Harris County Judge Lina Hidalgo, along with Harris County Attorney Christian Menefee and Houston Mayor Sylvester Turner, have requested that officials from the Civil Rights Division of the U.S. Department of Justice monitor Harris County’s election proceedings.
The letter from Hidalgo, Menefee and Turner asserts that sending inspectors is meant to “disrupt election processes.”
“These actions appear designed to chill voters’ trust in the election process in Harris County, and to disrupt and intimidate local election workers as they execute their duties to ensure the 2022 election is ‘smooth and secure,'” the letter reads, referencing the then-Texas secretary of state’s description of the 2020 election.
Quorum Report’s Scott Braddock first reported that Scott and Paxton were sending officials to monitor Harris County election procedures. The announcement from Scott and Paxton comes amid an ongoing audit of Harris County and three other counties’ 2020 election results.
Chad Ennis, director of the Texas Secretary of State’s Forensic Audit Division, informed Harris County Elections Administrator Clifford Tatum of impending inspections from the secretary of state and AG’s office in a letter sent Tuesday.
Ennis wrote that his office will be sending “a contingent of inspectors to the county to observe Central Count during the November 2022 election to ensure that Harris County establishes appropriate procedures and follows them.”
Paxton’s office will also “dispatch a task force to Harris County that will be available at all times during the election period in order to immediately respond to any legal issues identified by Secretary of State, inspectors, poll watchers, or voters,” Ennis said in Tuesday’s letter.
These actions from the secretary of state and AG’s offices are a response to a list of alleged issues concerning Harris County’s management of “mobile ballot boxes” outlined by Ennis in the letter.
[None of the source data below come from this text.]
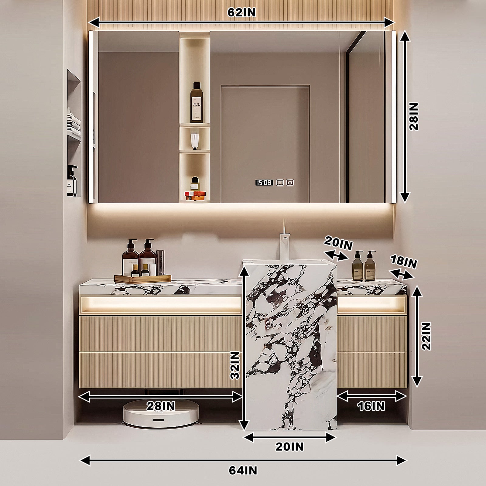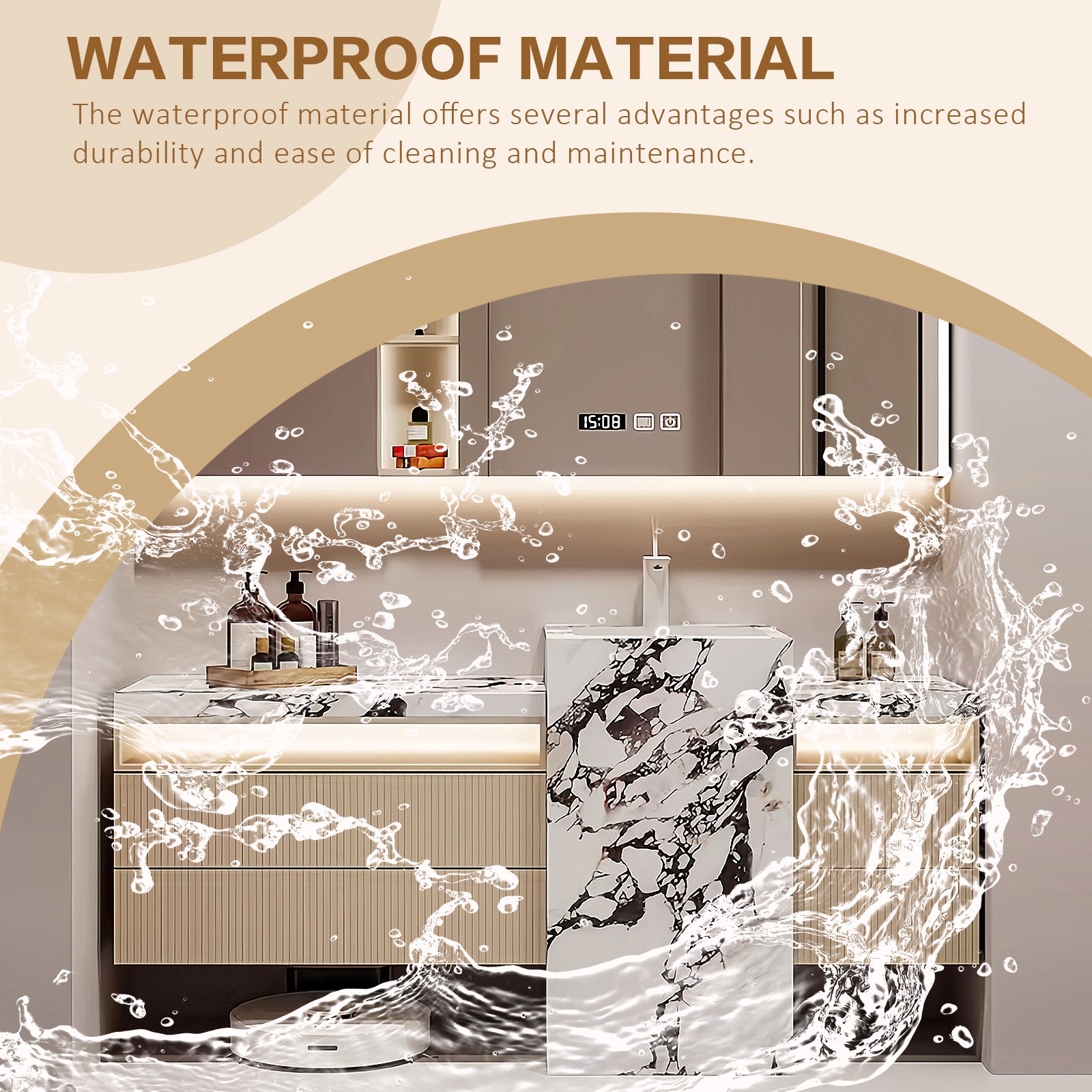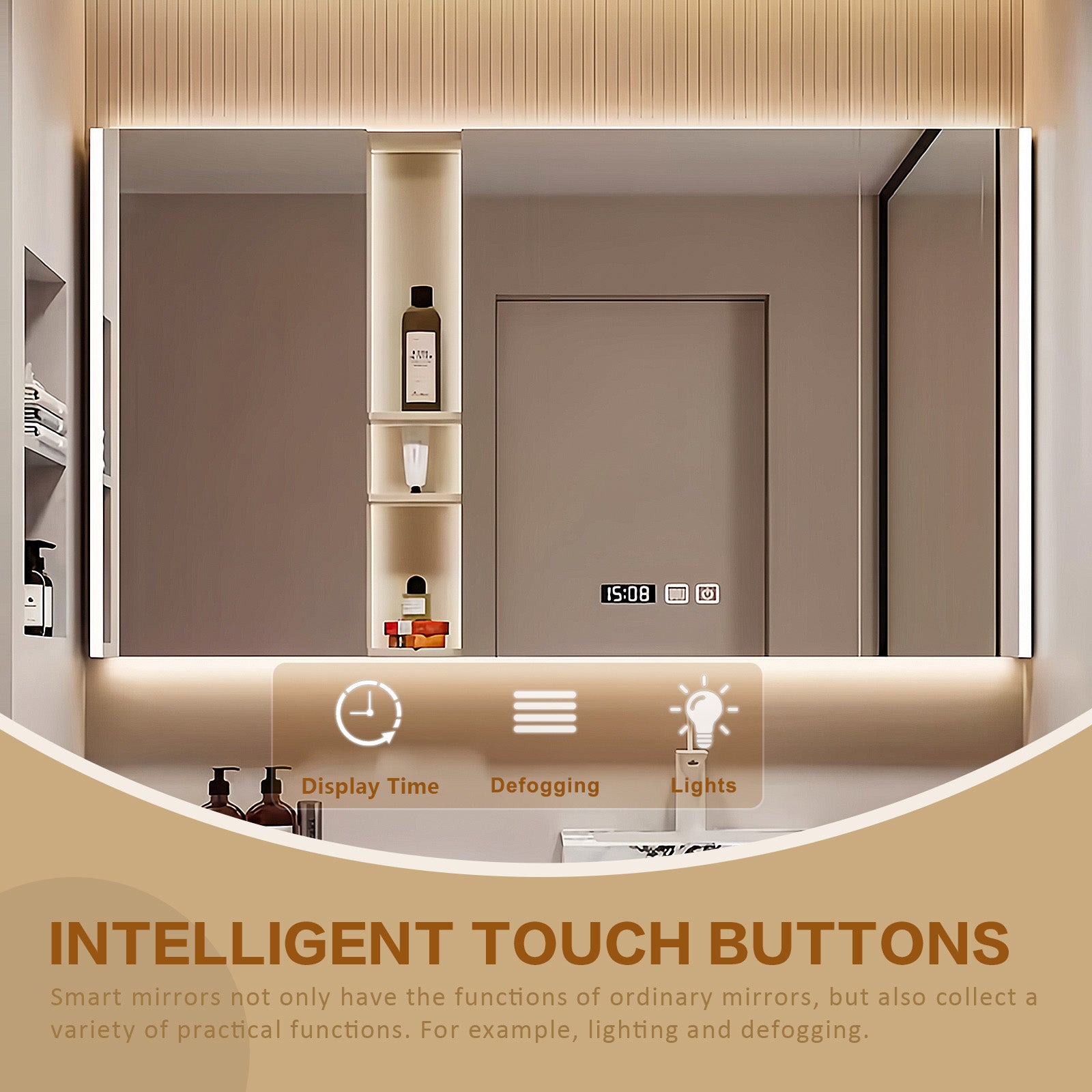 Smart Time Display Mirror: Simplify your mornings with our smart mirror, which features one-touch defog and built-in lighting for enhanced illumination. Its smart design ensures you don't miss a detail, while the sophisticated hardware adds a luxurious touch to your bathroom aesthetic. It also has a time display, which makes it easier to manage time.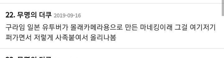 좆본 영상 조회수 늘려주기 싫어서 영상링크는 안가져옵니다. 저거 확인한다고 1회 늘려준것도 짜증남ㅠ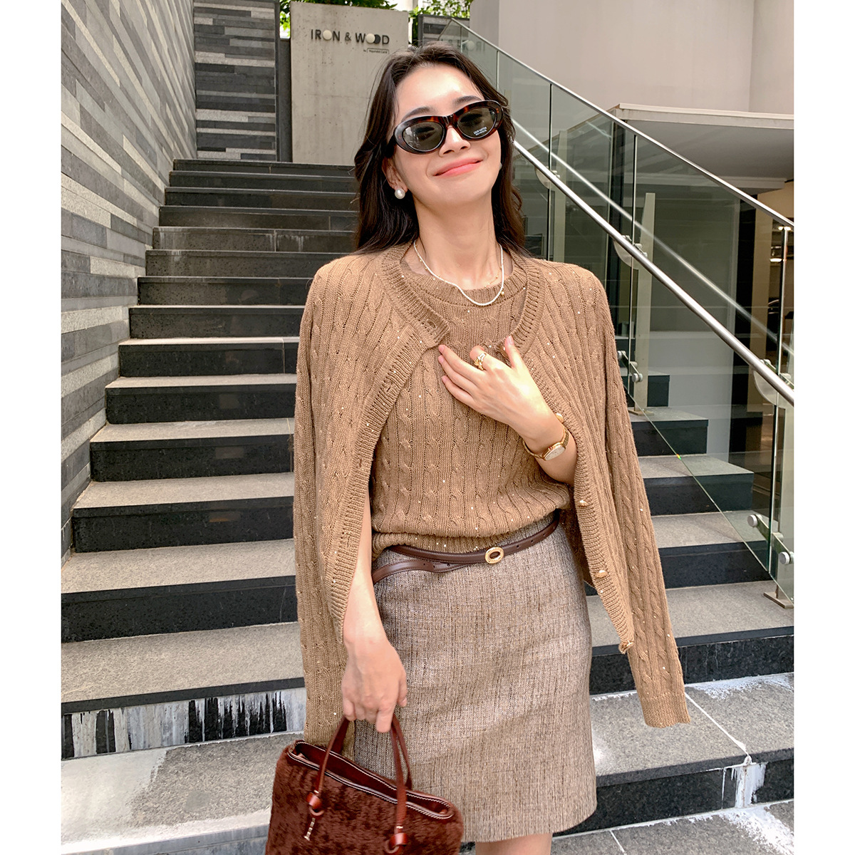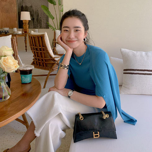LICKYSENIOR 評判再購入 2025春新作 ウール半袖Tシャツ/ニットカーディガンスーツ長袖

Mobile ballot boxes are the electronic devices on which votes cast electronically are tallied.
The integrity of electronic voting tallies has been a top target of scrutiny for former President Donald Trump and his conservative allies who claim that voter fraud robbed Trump of a victory. There is no evidence of widespread fraud, vandalism or theft occurring as a result of electronic tabulation of votes nor as a result of drop box usage. AG Paxton was amongst the first state attorneys general to sue the federal government in an attempt to overturn the election based on unfounded claims of widespread voter fraud.